# Question...



## xstephax (Apr 20, 2006)

I was going to add this to one of the already existing threads but i decided to just make a new topic. Feel free to merge it if need be.

I am currently enrolled at the Blanche MacDonald Centre for the make up artistry diploma program. I'm suppose to graduate July 28th. And in August I'll be moving to the Chicago area.

Due to some unpreventable circumstances I had to miss 2 days of school last week (i'm in airbrushing right now) and I came back today and was kicked out of my class because I missed those 2 days (even though in the lil airbrush course info book we got on the first day it says you'll automatically fail if you miss 3 classes, not 2). There is a new course starting on the 25th but it's full so I can't take it.
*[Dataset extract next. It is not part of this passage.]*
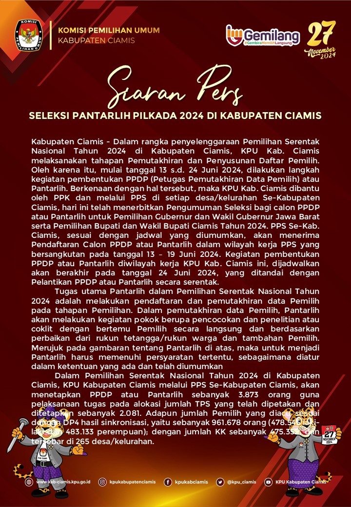 Berikut Siaran Pers Komisi Pemilihan Umum Kabupaten Ciamis berkaitan dengan Pembentukan Petugas Pemutakhiran Data Pemilih untuk Pemilihan Kepala Daerah Tahun 2024 di Kabupaten Ciamis.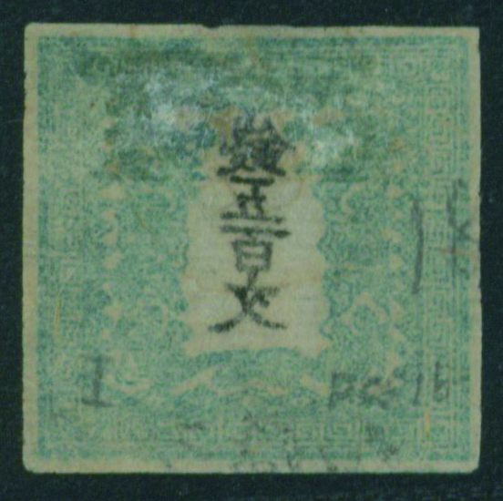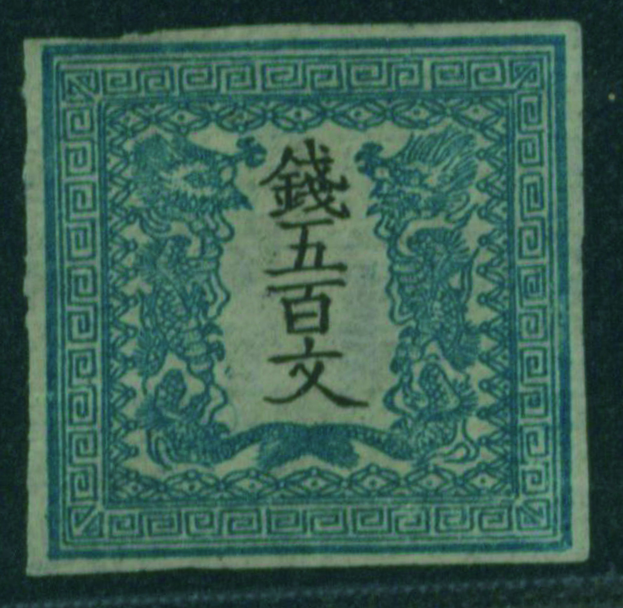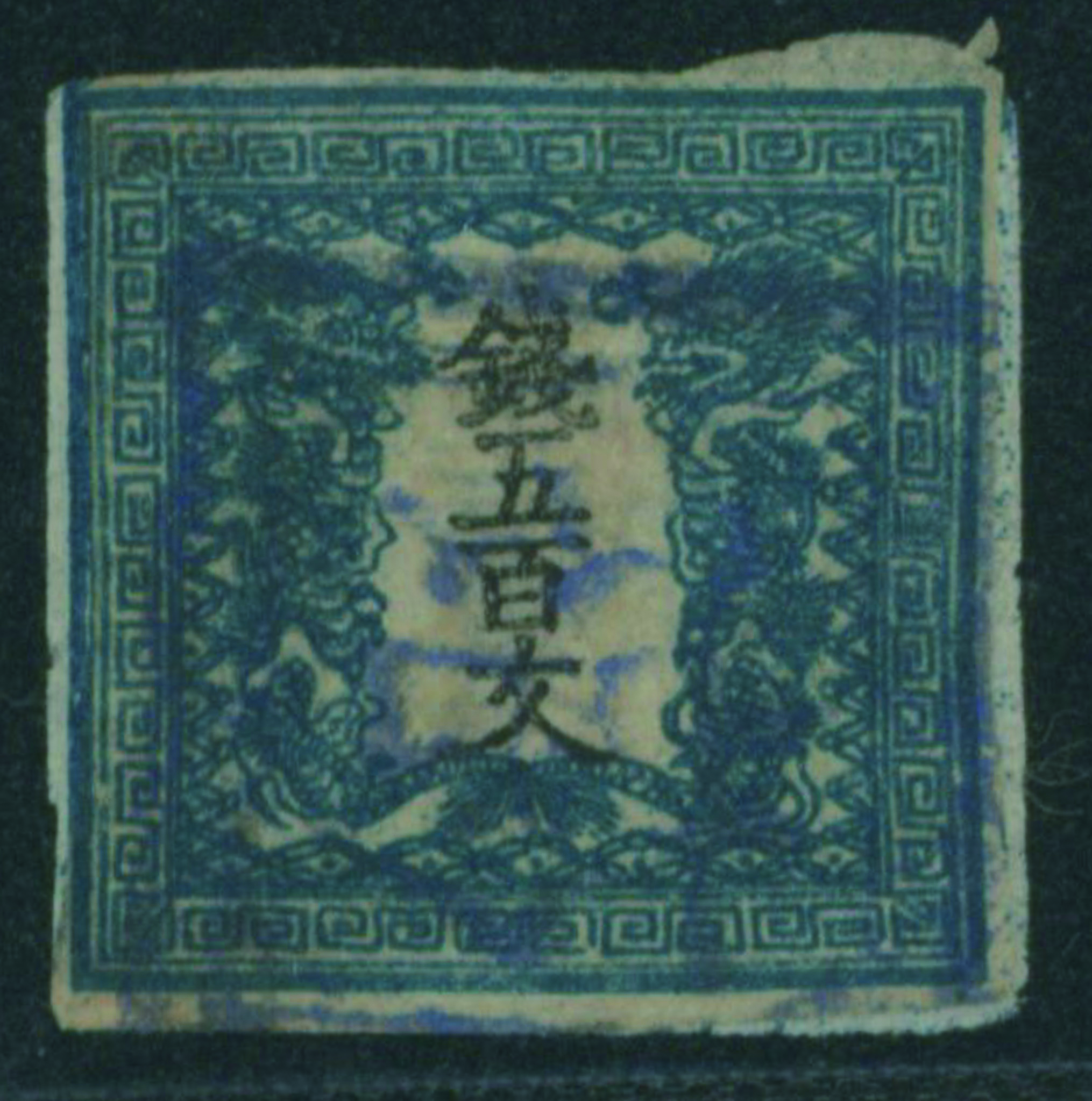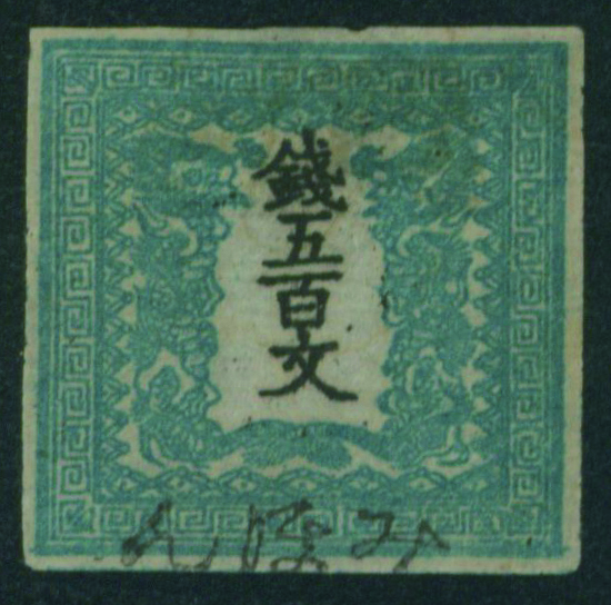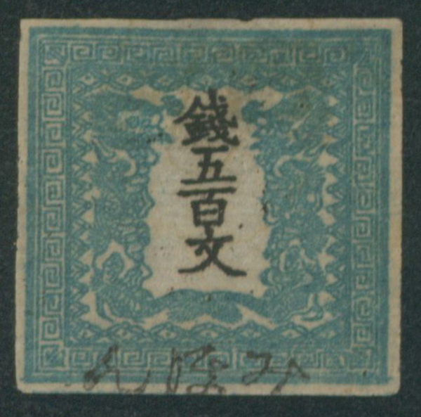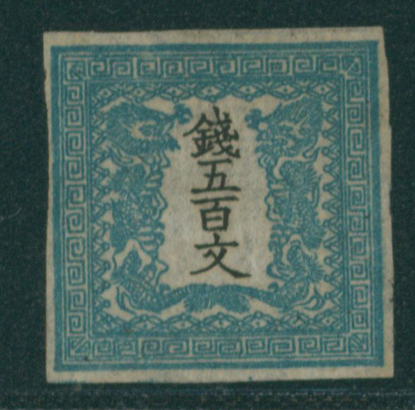 [済] 竜500文 2版 pos.31 済 ほぼ4マージン 不統一印(青, 角検) 東京 印影良好 小シミ 紙付着

I start special effects make up on the 28th and my schedule is going to be full for the next 2 and 1/2 months with that course and I won't be able to fit in another airbrushing course. With all that said, if I don't finish airbrushing I don't graduate. If i don't graduate I don't get my licence. I was semi fine with it until I realized that I'll probably need my licence if I'm wanting to work in Chicago. 

So I guess my question is, do you only need a licence if you want to work at counters or salons? Do you need one to do freelance work? 

Thanks for any help


----------



## Wattage (Apr 20, 2006)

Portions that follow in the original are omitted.